From the first applications to tomorrow's search engines
These languages, especially RDF and RDF Schema, are beginning to be used. The
main application in the world is called FOAF (Friend Of A Friend). It was created
to connect people, create acquaintance networks and partnerships. Everyone describes
his or her profile (name, email, interest, profession, etc.) and the computer
does the rest. The semantic Web is also of interest to companies to manage their
knowledge.
To ensure the development of RDF and OWL, the W3C launched a work group to define
the “Semantic Web Best Practices” in 2004. The goal of the group
is to define the languages, to offer methodological elements, answer utilization
questions and provide pedagogical material. Fabien Gandon of project ACACIA
participates in the work group. Project ACACIA is interested in methods and
tools for knowledge management. Since their goal is to ensure the interoperability
between different solutions, their work is also in the context of the semantic
Web. A platform called CORESE has been developed since 1999 that makes it possible
to design servers dedicated to the semantic Web. These servers are based on
a search engine that exploits descriptions of the semantic contents of documents.
CORESE implements a translator to read and produce RDF descriptions by interpreting
them in the conceptual graph formalism, a method to represent knowledge and
reasoning that benefits from twenty years of research. The CORESE platform is
available on the Web.
Finally, for the semantic Websemantic Web to really be operational, especially for search
engines, request languages for RDF and OWL must also be designed, in order for
example to simultaneously exploit two different ontologies and make sure they
are interoperable. A W3C work group called “RDF Data Access Group”
is devoted to the problem. Researchers from project EXMO belong to this group.

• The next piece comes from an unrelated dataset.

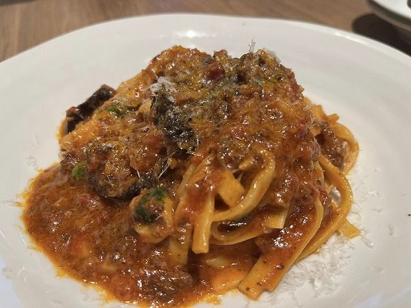平打ちの麺なので食べ応えもよく、赤ワインとトマトでじっくり煮込まれた牛肉とバルミジャーノチーズが濃厚でおいしい!

It is in this spirit that Olivier Corby of project ACACIA is evaluating the
performance of the request language he designed for CORESE.
INRIA, major W3C player
INRIA has been one of the pillars of the W3C (World wide web consortium), an
international consortium that ensures the development and promotion of Web standards.
The institute was the first European host site, from 1995 to 2002, along with
MIT (Massachusetts institute of technology) for the American continent and the
University of Keio in Japan for Asia. Since 2003, ERCIM (European Research Group
for Computer Science and Mathematics) has taken the relay from INRIA in Europe.
During these 8 years, 20 people from INRIA participated in the W3C technical
team (which counted some 60 members in all). Jean-François Abramatic
moreover presided over the consortium for 4 years until 2001. Vincent Quint
was responsible for one of the four W3C technical fields, that is, the format
of documents used on the Web and user interfaces. "This was above all a
guiding role, he explained. This involves keeping an open mind to needs, coordinating
efforts, suggesting the creation of working groups and ensuring the participation
of researchers and industrial companies."
Currently, 6 or 7 INRIA researchers participate in working groups. Vincent
Quint, director of research for INRIA, has been co-chair of the "Technical
Architecture Group" (TAG) for W3C since February 1, 2005.